Investing.com -- Swiss chocolate maker Chocoladefabriken Lindt & Spruengli AG Part (SIX:LISP) posted a slightly better-than-expected full-year operating profit on Tuesday, sending its shares around 6% in European trading.
"Tight cost control, efficiency gains, process optimization and price increases offsetting higher cocoa costs contributed to the increased profitability," the chocolate maker said in a statement.
Cocoa prices in London are hovering around £6,908 ($8,734.5) per metric ton, with analysts warning that the industry faces a challenging 2025 due to the soaring cost of raw materials. This is expected to drive further price increases in the double-digit percentage range.
"Lindt continues to navigate this unprecedented cocoa bean price environment unabated, breaking record after record," Vontobel analyst Jean-Philippe Bertschy noted.
The company reported 2024 earnings before interest and taxes (EBIT) of 884 million Swiss francs ($987 million), slightly surpassing the 880 million francs consensus compiled by LSEG.
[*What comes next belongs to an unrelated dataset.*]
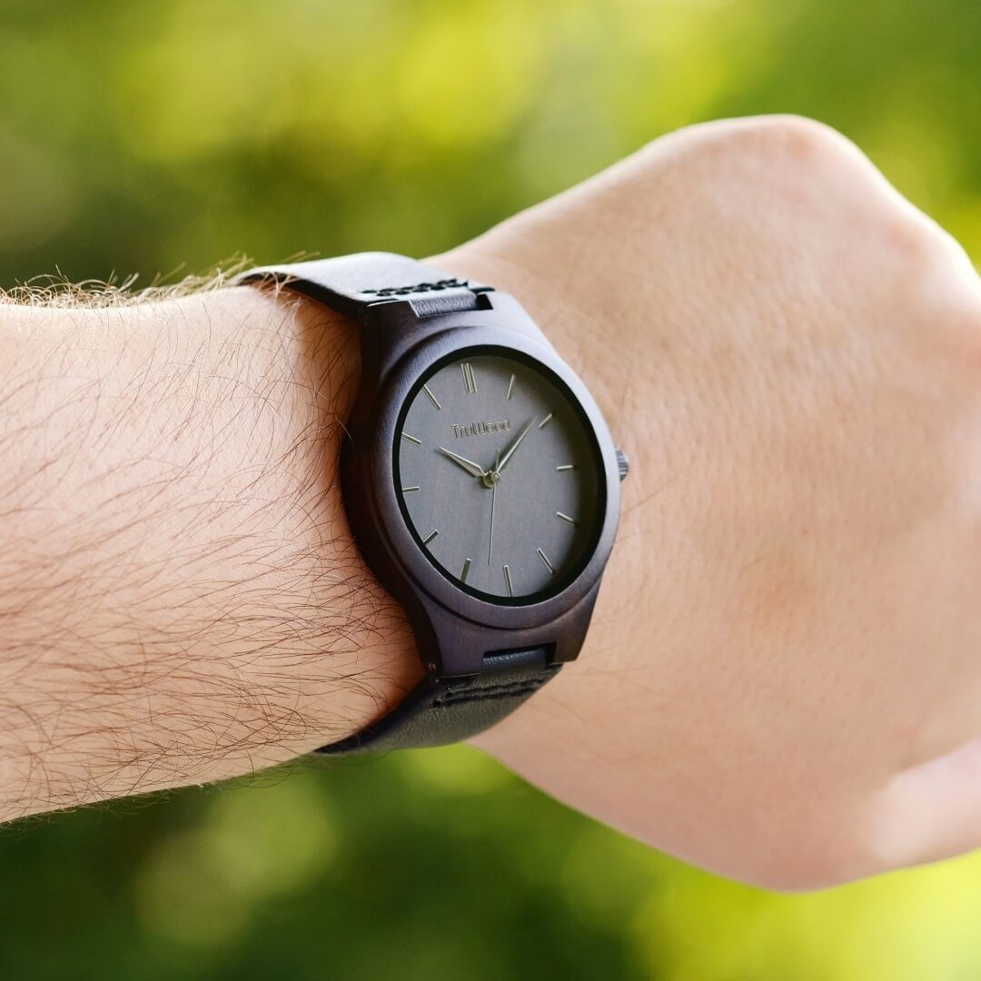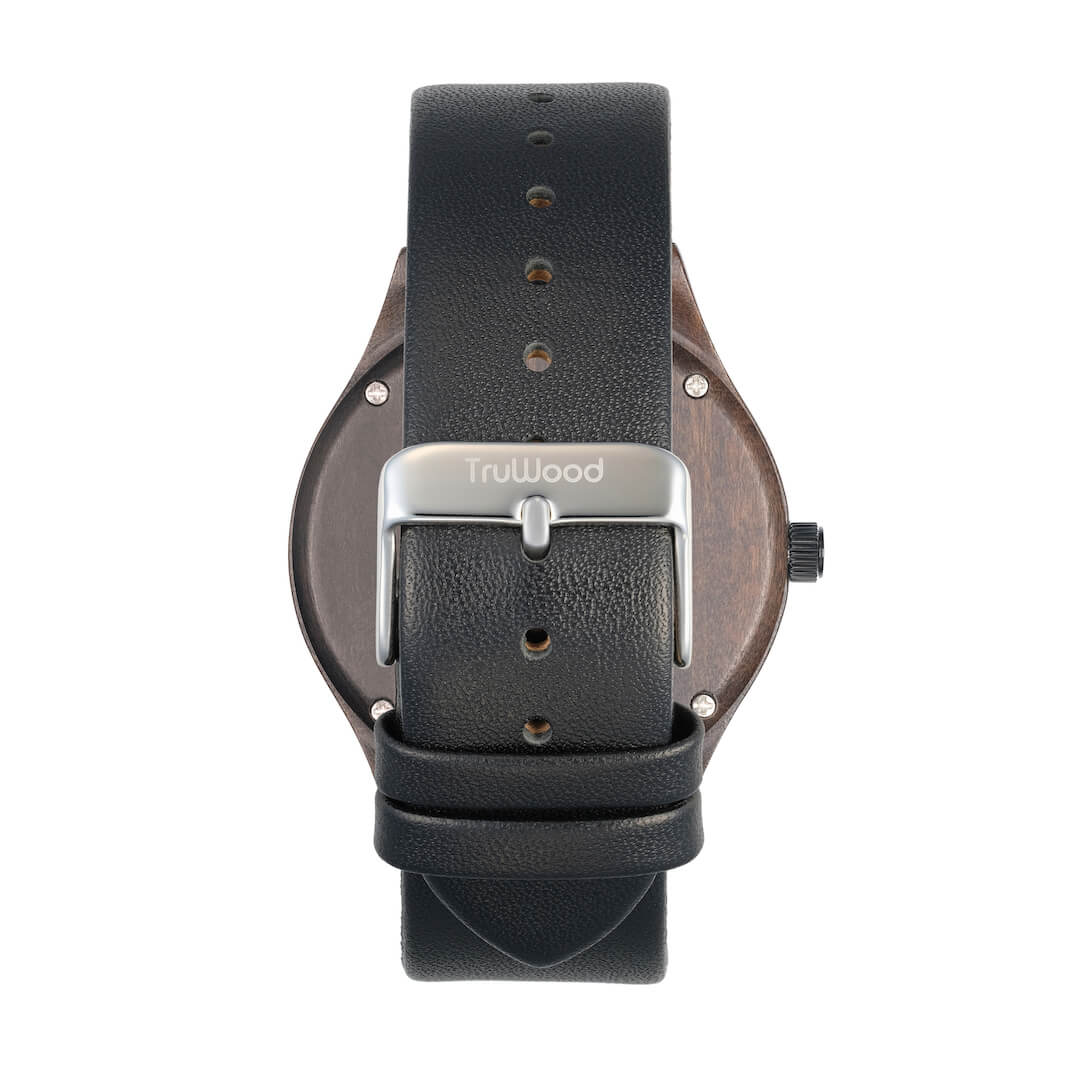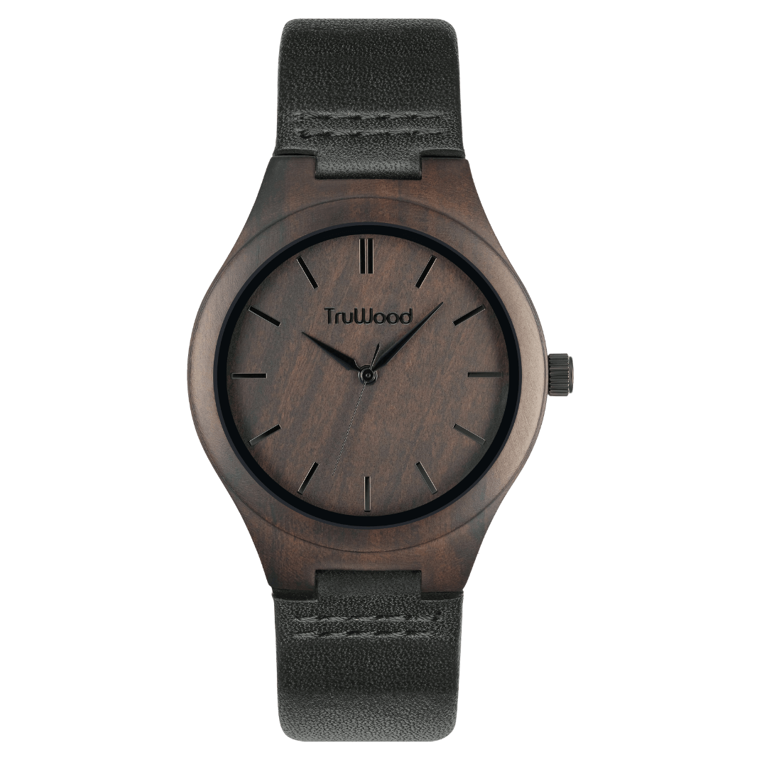 The TruWood Epoch defines a new beginning, taking our signature leather band style and infusing it with everything you love in a wood watch. The black sandalwood case captures a stunningly sleek profile, with the gun-metal details on the dial redefining minimalism in a modern style. A low-key look that quite literally matches with any outfit, the dark wood on black leather design is an instant classic among long-time fans and newcomers alike. If you are looking for a place to start, the Epoch is the one to choose.

Lindt posted a full-year EBIT margin of 16.2%, up 54 basis points year-over-year. This exceeded its guidance of "at least 16.0%" and topped the Visible Alpha consensus of 16.1%.
Analysts said the stand-out performance was the free cash flow (FCF), which Lindt reported at 635 million francs, up 33% year and implying a FCF margin of 11.6%.
“This was boosted by a very working capital performance,” Barclays (LON:BARC) analysts said.
“Higher cocoa prices are driving premiumisation which is good news for Lindt’s portfolio. We continue to believe Lindt is the safe haven in the space,” they noted.
Lindt’s second-half profitability was also stronger than expected, with EBIT margins slightly ahead of forecasts and EBIT coming in 7 million Swiss francs, or 1%, above consensus.
The positive surprise was driven entirely by Europe, which exceeded expectations by 5%, while the US and the rest of the world disappointed.
“With long-term growth likely to need to come beyond Europe this is not exactly the shape of the beat that we’d like to see, nevertheless the resilience of the EU business continues to astound,” Bernstein analysts commented.
Looking ahead, Lindt, known for its signature chocolate Easter bunnies, reaffirmed its January forecast of 7% to 9% sales growth for 2025 and signaled further price hikes this year.
It expects an operating margin improvement of 20-40 basis points, implying a range of 16.4-16.6%, above the 16.3% consensus.
The company also reiterated its mid-to-long-term targets of 6-8% organic sales growth and annual margin expansion of 20-40 bps.
Moreover, Lindt announced plans to propose a dividend of 1,500 Swiss francs per share, in line with LSEG estimates.